Kharge, the party veteran from Karnataka, is the Congress president and Leader of Opposition in the Rajya Sabha while Jairam Ramesh, also from Karnataka, heads the party’s communication department and KC Venugopal from Kerala is the organisation general secretary. Similarly, the Indian Youth Congress is helmed by Srinivas BV while the All-India Professionals Congress is chaired by Thiruvananthapuram MP Shashi Tharoor. The one exception to this southern dominance is Adhir Ranjan Chowdhury, who is the party leader in the Lok Sabha but he too comes from Bengal.

Also read: With Bharat Jodo Yatra, Rahul Gandhi has taken the Congress left of centre

“For some time now, there has been growing concern within a section of the party that we have no prominent leader from the Hindi-speaking states in any important organisational role even though we have no dearth of experienced leaders from these states. One may argue that the BJP’s leadership is also dominated by Gujarat’s Narendra Modi and Amit Shah but both of them, as well as the BJP, draws strength from its solid base in the wider Hindi heartland of MP, Rajasthan, Chhattisgarh, UP, Bihar, Jharkhand, Haryana, Himachal Pradesh, Uttarakhand and Delhi. If you remove the Gandhis, we have no major face in our central leadership who can engage with the electorate in these states. This needs to be corrected at the earliest,” a senior Congress MP said.
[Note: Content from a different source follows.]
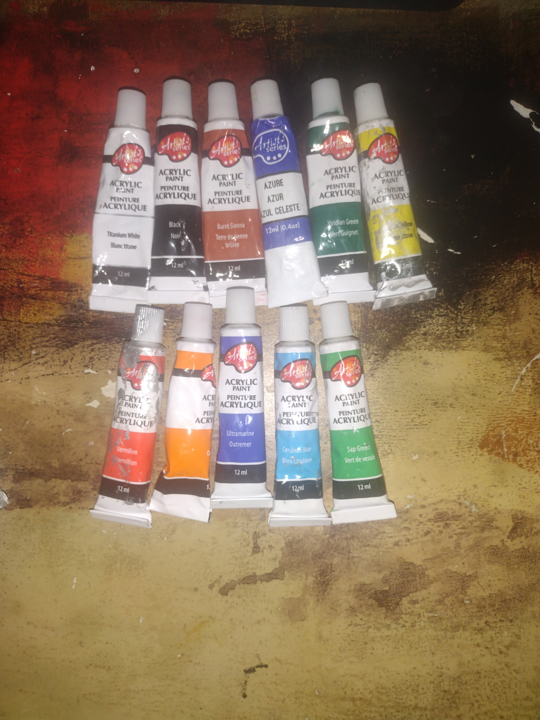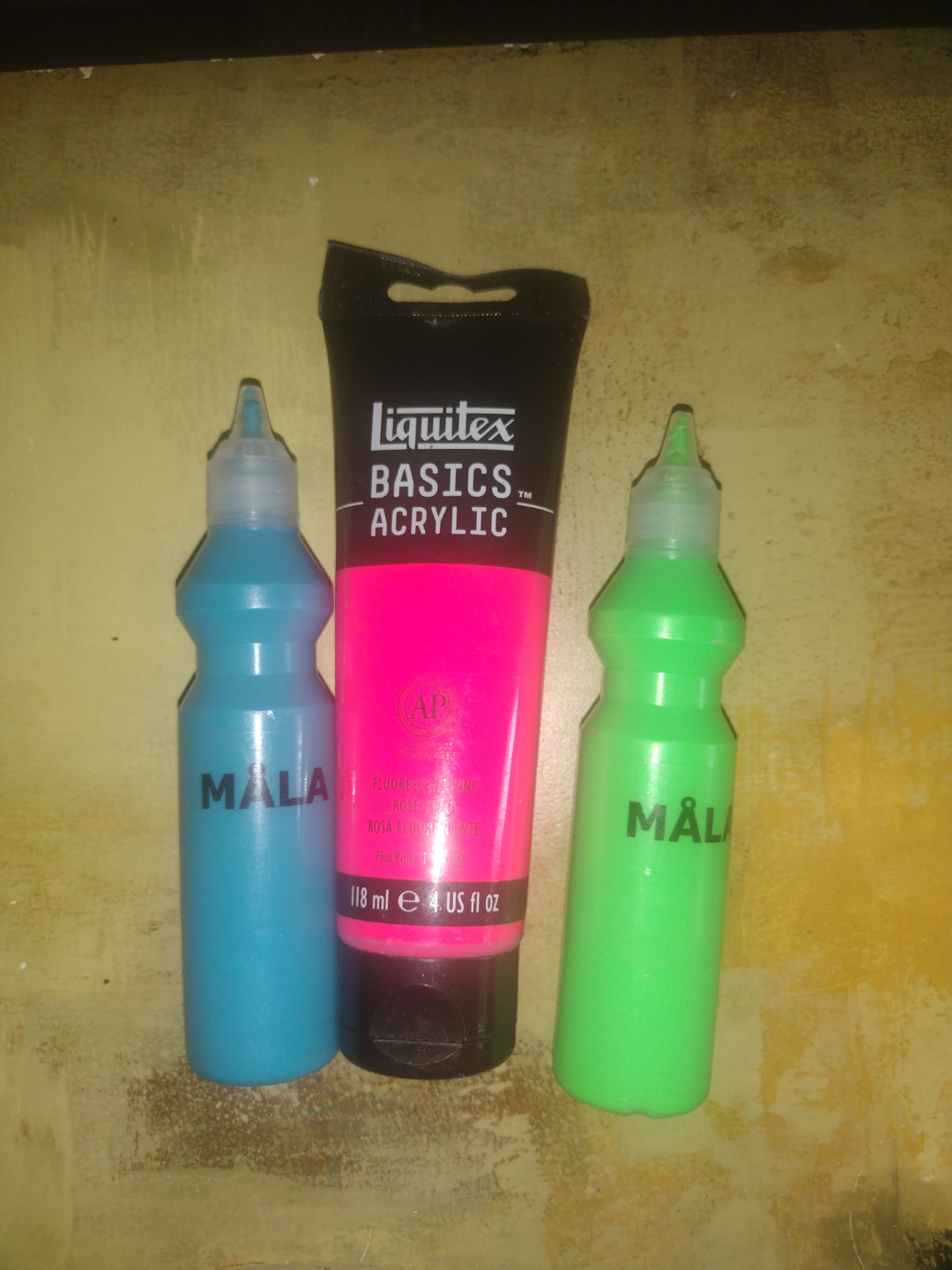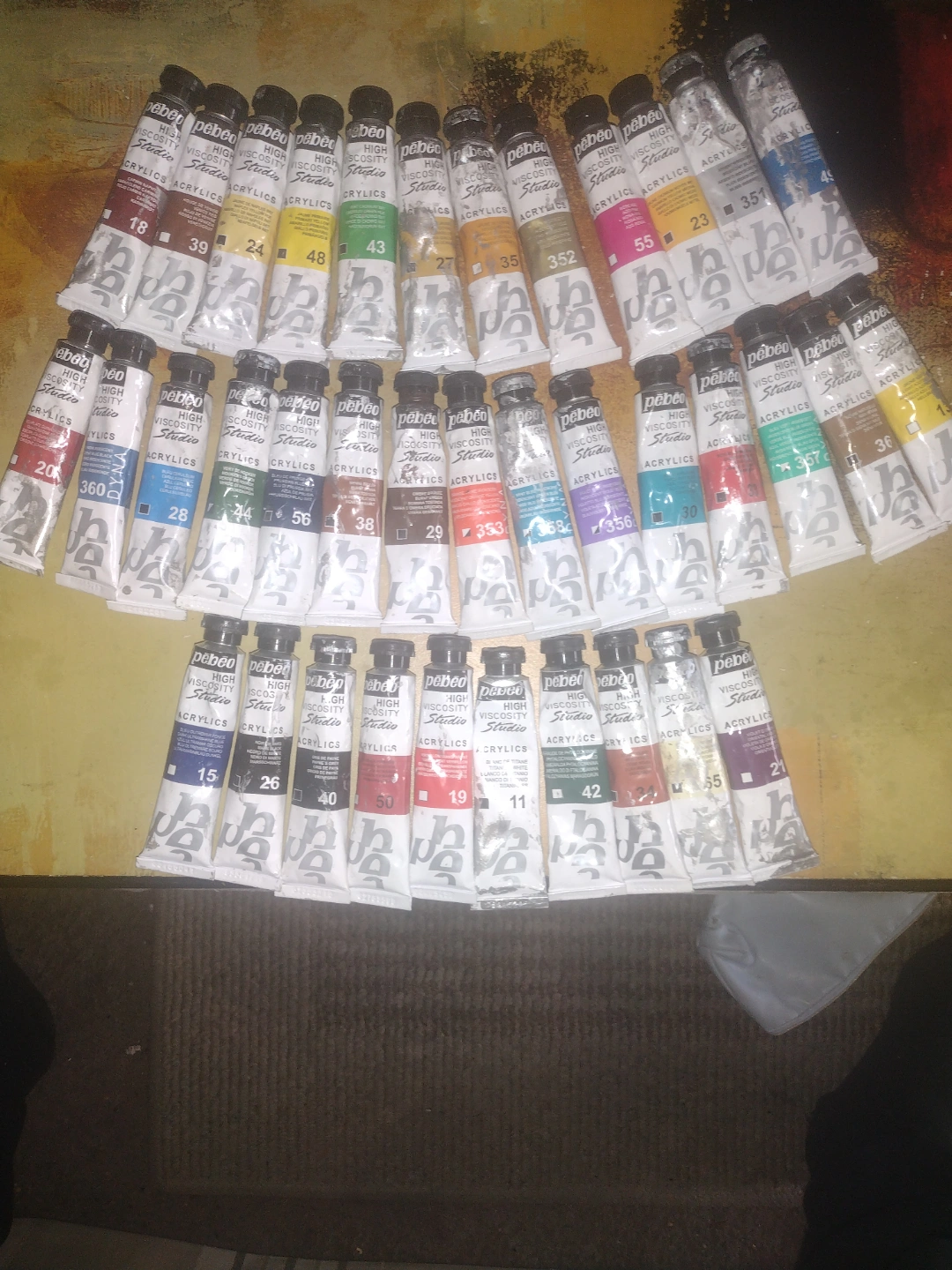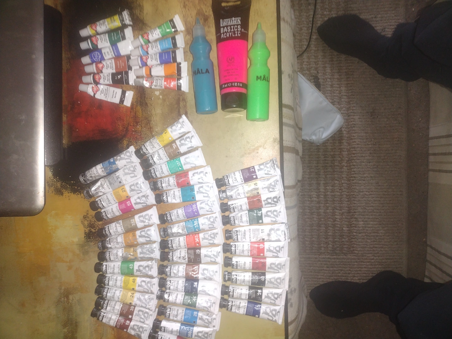 Huge assortment of acrylic paints. Includes various brands and colours. Many tubes are Pebeo Studio High Viscosity Acrylics. Also includes Liquitex Basics Acrylics and Mala fluorescent paints. Some Artist's acrylic paints included as well. Great for students or hobbyists. All are full

When Kharge was elected as Congress president, many believed that he would relinquish his post as LoP Rajya Sabha, in keeping with the ‘one man, one post’ rule that the party collectively pushed for at the Udaipur Session. Kharge had, in fact, ‘quit’ as the LoP citing the rule when he had entered the contest for the Congress presidency against Tharoor. Many in the party had believed that upon his election as the Congress chief, Kharge would let Digvijaya Singh or some other leader from the Hindi heartland takeover. However, Kharge is now back as the LoP and the party seems to have abandoned its ‘one man, one post’ rule since it found no mention during the Plenary Session.

How the Congress president now addresses this inequity remains to be seen. For purposes of electoral outreach as well as intra-party discussions, sources close to the Congress president wax eloquent about Kharge’s command over the Hindi language and add that both Rahul and Priyanka Gandhi, the main campaigners for the party, are “leaders from the Hindi heartland”. This argument, however, doesn’t seem to find many takers among the party leaders from the Hindi-speaking states who insist that if nothing else, at least the organisational general secretary must be a person “who not only understands Hindi but also politics of the Hindi-speaking states.”